Vestigo Volatility Score: 70%
In recent months, international media sources have touted the fears of a new electricity bill that would nationalize the electricity industry in Mexico. On January 17, legislators began debating the bill, a proposed change to the constitution to give the state-owned Federal Commission of Electricity (Comision Federal de Electricidad, CFE) a 54 percent controlling stake in the electricity supply chain, to include everything from electricity generation to distribution and commercialization. That will mean the electricity market will, in effect, vanish. While President Andrés Manuel Lopez Obrador (AMLO) has ushered through other constitutional changes during his term, teasing the future of Mexico’s energy market comes with heightened attention. Considerable pushback is likely. AMLO does not currently have the legislative support to succeed, an indication that a final bill, if it were to pass, would need to be watered down – a fact media sources have not communicated.
Constraint to Consider
- AMLO does not have the political capital to achieve a two-thirds majority vote needed for the constitutional change, indicating the likelihood of concessions
What if the electricity bill passes?
AMLO is seeking to reverse a series of reforms passed in 2014 that liberalized Mexico’s energy market.
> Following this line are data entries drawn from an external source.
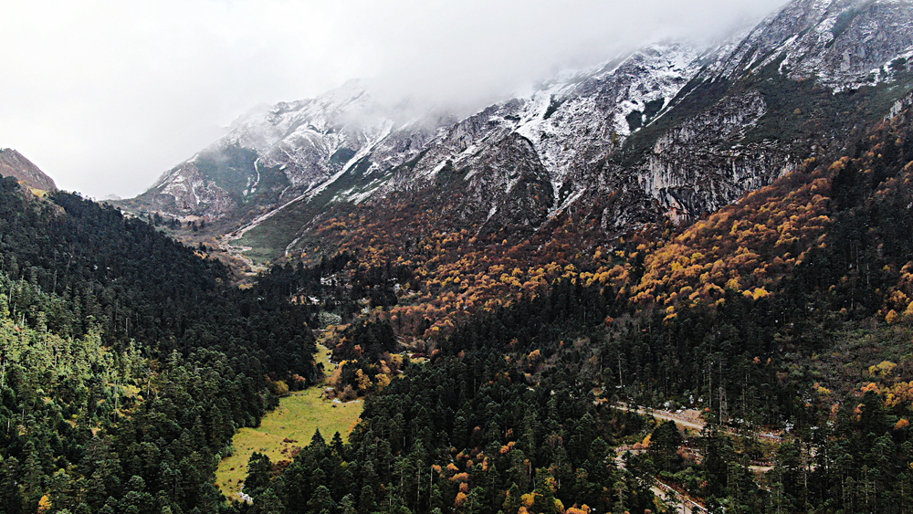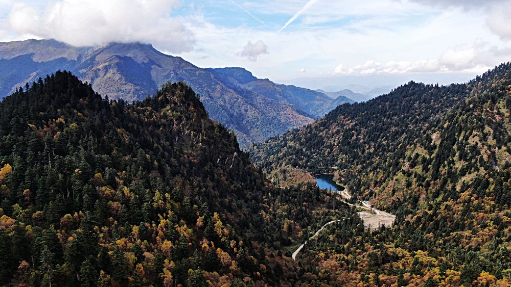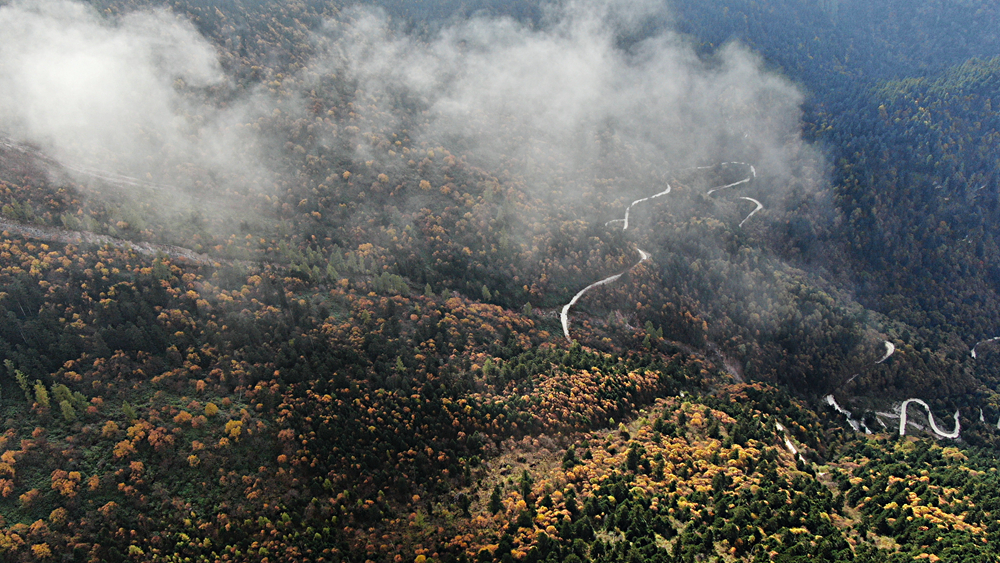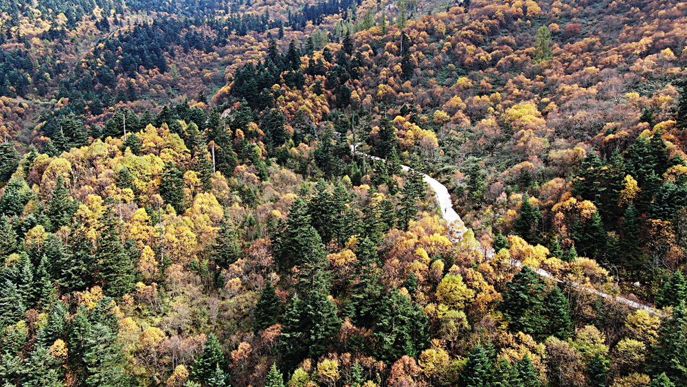 金秋時(shí)節(jié),甘肅省隴南市宕昌縣官鵝溝森林公園層林盡染,斑斕如畫,吸引了不少游客前來游玩。新華網(wǎng)發(fā)(劉輝 攝)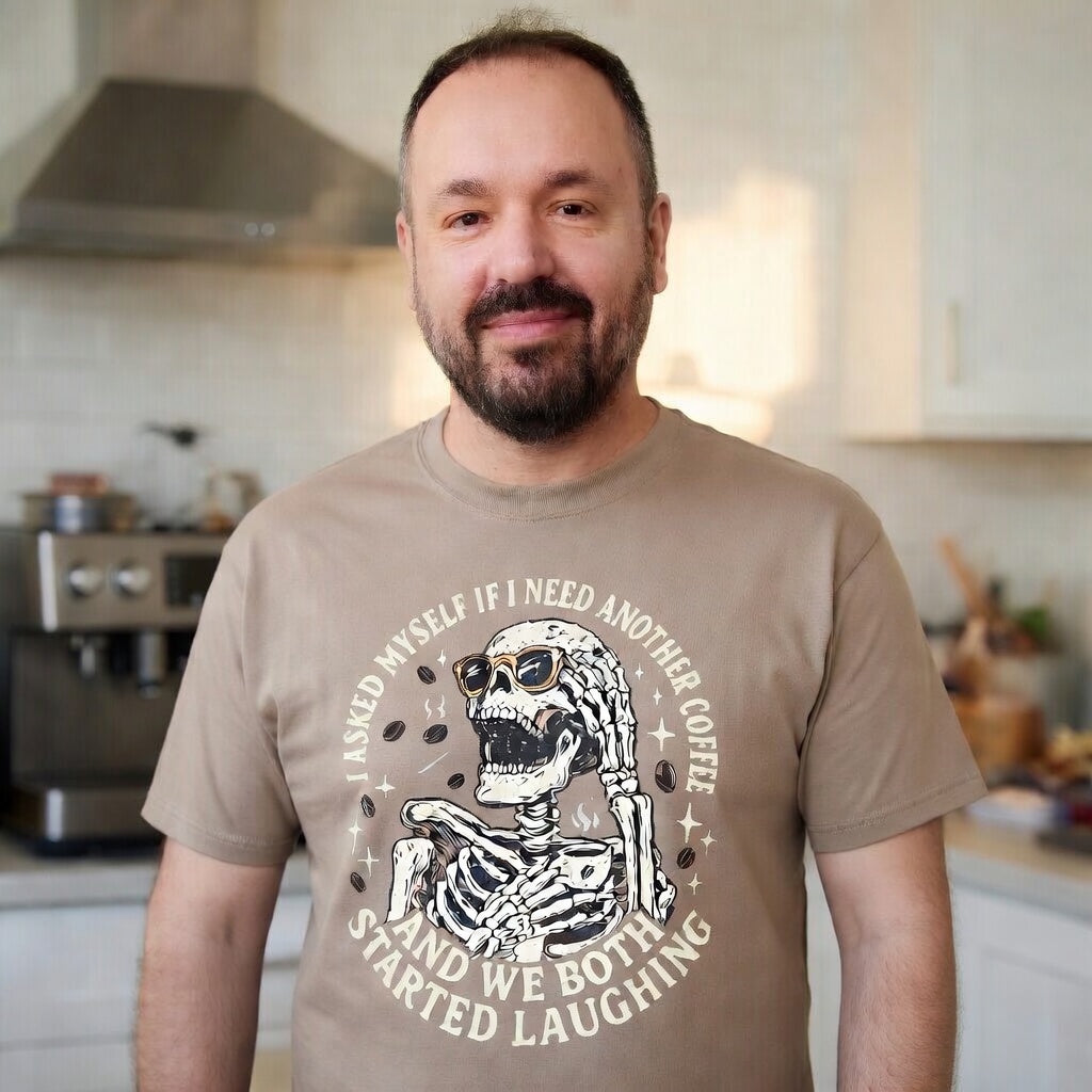 Distressed Print - Soft Relaxed Fit Skeleton Coffee Tee | Casual Everyday Comfort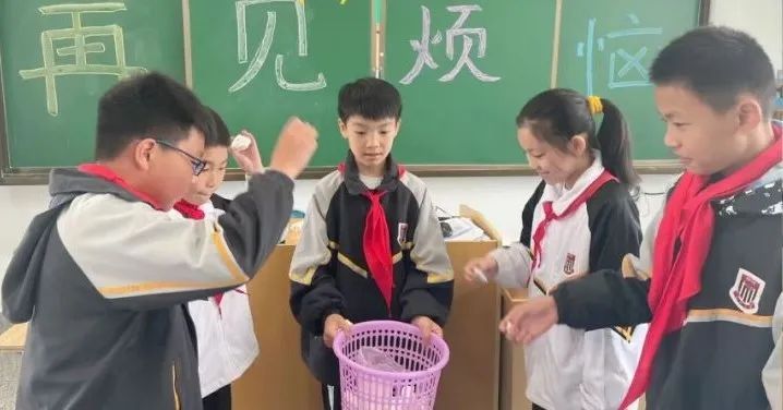 锦秋学校的学生们在“负面情绪回收站”活动中,将自己近期的烦恼写在纸条上并丢进“烦恼垃圾桶”,大家一起释放负面情绪,给心灵放个假。

Those reforms took away controlling energy stakes held by state-owned CFE and Mexican Petroleum (Petróleos Mexicanos, PEMEX), and incentivized private investment. The new bill would lead to private contracts being retroactively rescinded. It would also make CFE the only buyer in the energy market. The energy liberalization of 2014 made electricity cheaper. If the new bill gains approval, prices would increase in the years to come as “private generators” would have no market to sell on. AMLO has proclaimed to his supporters that electricity prices would not rise in the wake of his reform. If he is to stick to his pledge, his words ensure that other areas of the economy would take a hit to absorb the difference, eating into Mexico’s already dire economic panorama.
Legislative support for constitutional change
For the legislation to take effect, compromise and amendments are likely. AMLO needs the support of 333 legislators for the constitutional change to gain the approval of the lower house. Even with its allies, AMLO’s political party, the National Regeneration Movement (Movimiento Regeneración Nacional, MORENA), can only count on 279 votes. Conversations with key political players will take place over the short term. MORENA will need to offer concessions if the reform is to stand a chance. The current black and white nature of the legislation makes it a hard sell, a fact international media sources are not communicating.
The future of investor confidence in Mexico
If the bill fails, or if it is watered down enough to protect current energy contracts and leave open a private electricity market, as is the likeliest scenario, investor confidence will remain. AMLO has shown propensity to revoke private contracts and intimidate foreign investment since coming to office in 2018. Despite the political risk, however, Mexico remains an attractive prospect in the energy market and beyond. Geopolitical factors will further incentivize foreign firms to tap into the Mexican economic landscape. With the global supply chain crisis continuing as the year begins, and western disagreements with Asian partners mounting, the Mexican market has risen in attraction, particularly for US companies and investors.
We base the percentage of our Volatility Score on the material constraints that determine the potential of a global event becoming a long-term global disruptor. We think that anything above the 75% mark should be studied with particular interest.